Does this sound like an option for you?

PuffTheMagicDragon Tue 19-Apr-05 18:14:21

Agree with bellababe, go talk to the teacher. I dealt with a similar situation between 2 boys in one of my classes.

Peachyclair Tue 19-Apr-05 18:20:37

We had this recently, teachers told them to separate. I explained to ds1 that his bf was going to be very hurt and maybe angry for a while, but massivley underestimated it! ds1 now sad.

I am sad too, as I never wanted them separated- we taught ds1 to say' I love you very much 9his words) but i can't play with you until you are good again'. But school had already separated them.

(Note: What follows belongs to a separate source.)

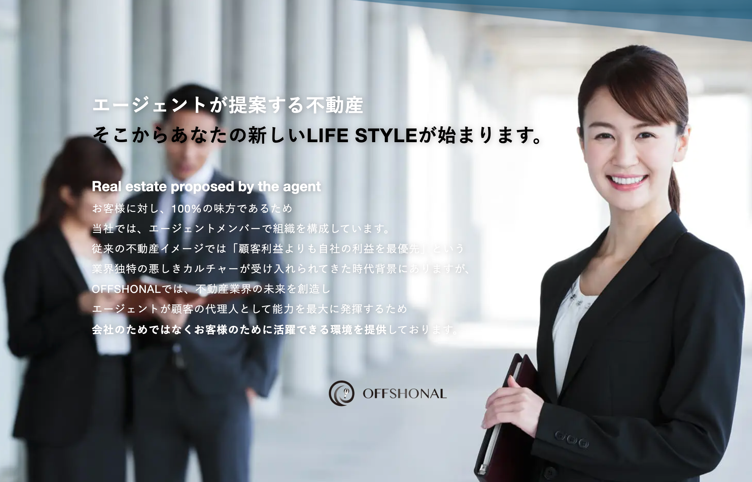 不動産を通じ、お客様の人生をより良くするのがOFFSHONALエージェントの使命です。従来の不動産業界の慣習や組織のルールに縛られることなく、自由な時間、自由な場所、自由なスタイルで、自分らしい働き方をエージェントには実践してもらいます。

Esp. worried as ds1 was bf's only friend, and bf is only kid in year group from a different culture, so i think discrimination going on. very, very sad indeed. Tried to talk to bf's parents, but they don't speak English. situation all round.

bellababe Tue 19-Apr-05 21:03:16

Gosh, this sounds like it was handled really badly. Apart from anything, how do you actually keep children apart, without being really quite harsh on them eg watching them at play and so on? I don't know - it depends so much on the area, the school, the other pupils, etc - but maybe going to the head _for advice_ is a better way forward. Ask him/her to suggest how they think it could be dealt with.
The other thing that might be possible is for you to find out which other boys he likes (ie doesn't actively dislike) and work on those relationships a bit outwith school.